A timely excerpt from The Plague, by Albert Camus

Many continued hoping that the epidemic would soon die out and they and their families be spared. Thus they felt under no obligation to make any change in their habits as yet. Plague was for them an unwelcome visitant, bound to take its leave one day as unexpectedly as it had come. Alarmed, but far from desperate, they hadn’t yet reached the phase when plague would seem to them the very tissue of their existence; when they forgot the lives that until now it had been given them to lead. In short, they were waiting for the turn of events.

That’s the paragraph that feels particularly relevant to me, but it’s well worth reading the whole passage it comes from:

Cover of the first edition of The Plague.

Toward the end of the month the ecclesiastical authorities in our town resolved to do battle against the plague with the weapons appropriate to them, and organized a Week of Prayer. These manifestations of public piety were to be concluded on Sunday by a High Mass celebrated under the auspices of St. Roch, the plague-stricken saint, and Father Paneloux was asked to preach the sermon. For a fortnight he desisted from the research work on St. Augustine and the African Church that had won for him a high place in his Order. A man of a passionate, fiery temperament, he flung himself wholeheartedly into the task assigned him. The sermon was a topic of conversation long before it was delivered and, in its way, it marks an important date in the history of the period.
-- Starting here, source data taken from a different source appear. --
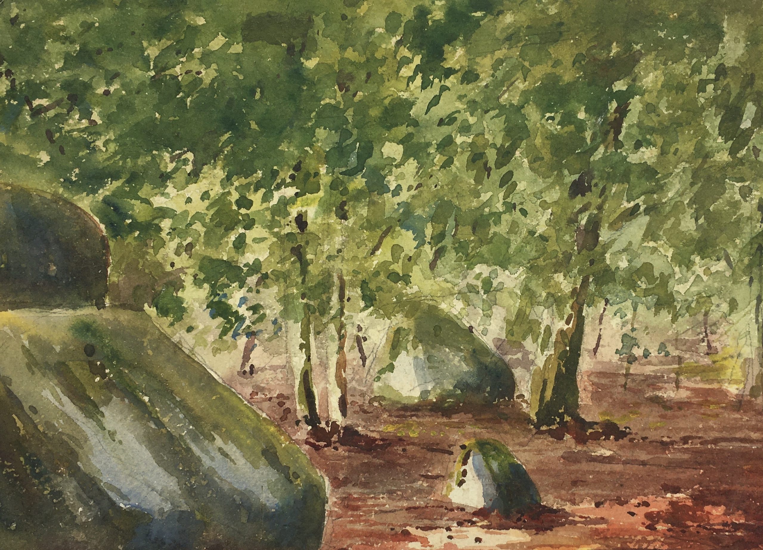Original Art on paper displayed on a white mat with a gold border. Mat fits a standard-size frame. Archival plastic sleeve and Certificate of Authenticity included. Original Art, 9.5″W x 7″H; mat, 20″W x 16″H.
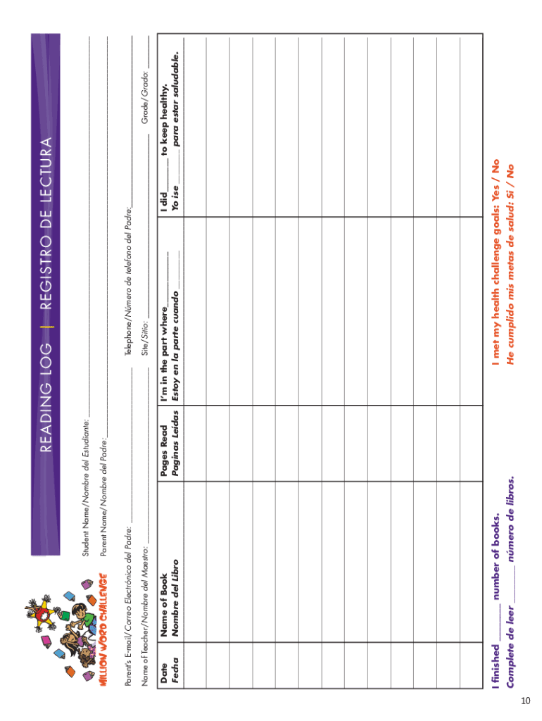 10I met my health challenge goals: Yes / No He complied MIS metal DE salad: Si / NOI finished ___ number of books. Complete DE leer ___ Nero de Libras._______________________________________Database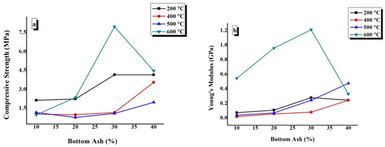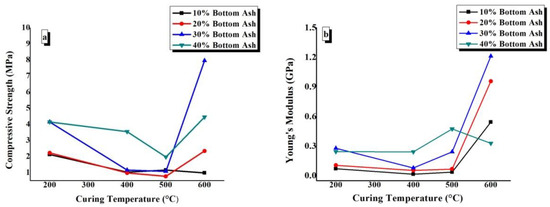 It can be seen from Figure 11 that there is a general trend of increasing compressive strength and Young’s modulus with increasing BA or decreasing liquid/solid ratio at all CTs, with an exception of a decrease in compressive strength and Young’s modulus values at 600 °C as we increase BA content from 30% to 40%, which is due to irregular foaming of 40% BA composition cured at 600 °C; this result is in accordance with the bulk density values, as bulk density also decreases when BA content is increased from 30% to 40% at 600 °C CT, as mentioned earlier in 4.4. Figure 11 shows that the maximum compressive strength and Young’s modulus values are presented by the TGPFs cured at 600 °C. The maximum Young’s modulus values at the curing temperature of 600 °C suggests the catastrophic failure of TGPFs cured at 600 °C, and this effect was observed during the mechanical testing. The curves at 400 °C and 500 °C CTs shows the minimum compressive strength and Young’s modulus. This behaviour is in accordance with the bulk density, WLI, and FTIR analysis results, which show the minimum degree of geopolymerization for TGPFs cured at 400 °C and 500 °C, as shown earlier in Figure 5b.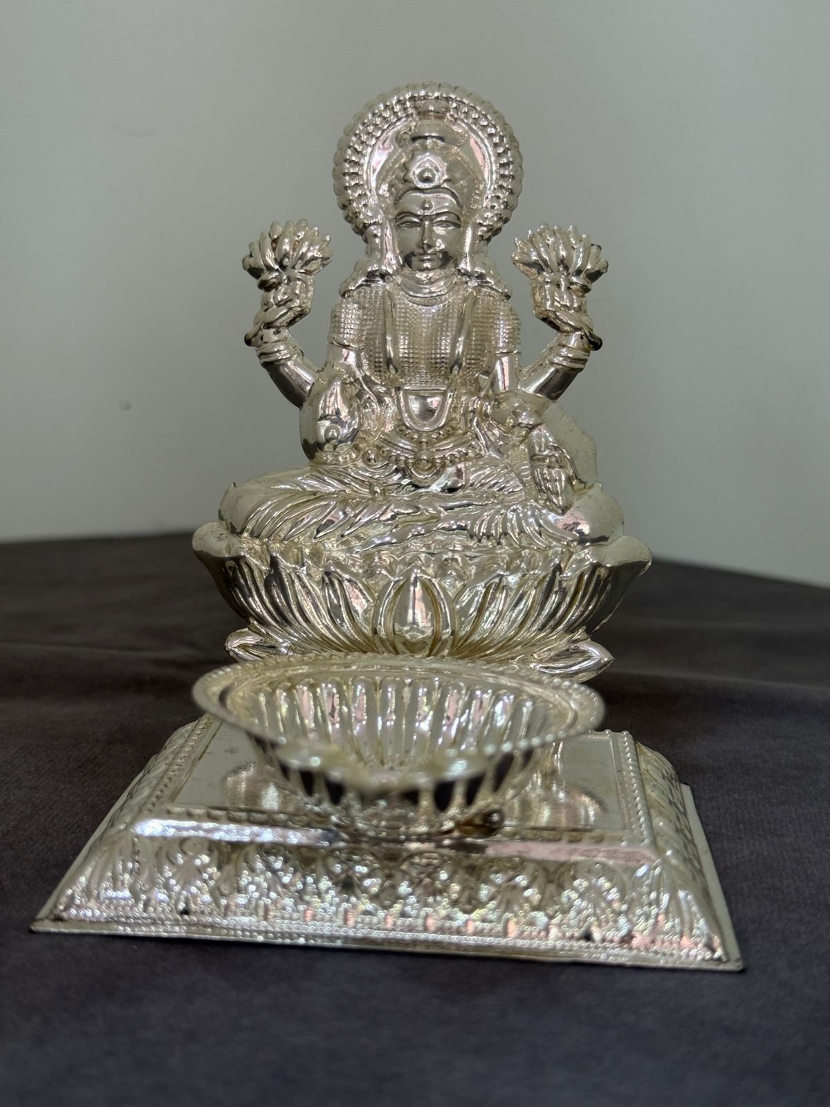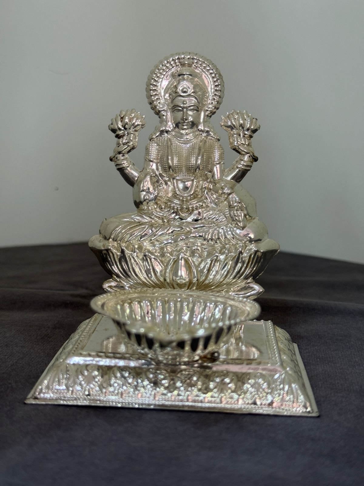 This finely crafted Lakshmi idol invites wealth, abundance, and positive energy into your home. A sacred piece for pooja spaces, symbolizing divine blessings and auspicious beginnings.

There were large attendances at the services of the Week of Prayer. It must not, however, be assumed that in normal times the townsfolk of Oran are particularly devout. On Sunday mornings, for instance, sea-bathing competed seriously with churchgoing. Nor must it be thought that they had seen a great light and had a sudden change of heart. But, for one thing, now that the town was closed and harbor out of bounds, there was no question of bathing; moreover, they were in a quite exceptional frame of mind and, though in their heart of hearts they were far from recognizing the enormity of what had come on them, they couldn’t help feeling, for obvious reasons, that decidedly something had changed.

Nevertheless, many continued hoping that the epidemic would soon die out and they and their families be spared. Thus they felt under no obligation to make any change in their habits as yet. Plague was for them an unwelcome visitant, bound to take its leave one day as unexpectedly as it had come. Alarmed, but far from desperate, they hadn’t yet reached the phase when plague would seem to them the very tissue of their existence; when they forgot the lives that until now it had been given them to lead. In short, they were waiting for the turn of events.

With regard to religion, as to many other problems, plague had induced in them a curious frame of mind, as remote from indifference as from fervor; the best name to give it, perhaps, might be “objectivity.” Most of those who part in the Week of Prayer would have echoed a remark made by one of the churchgoers in Dr. Rieux’s hearing: “Anyhow, it can’t do any harm.”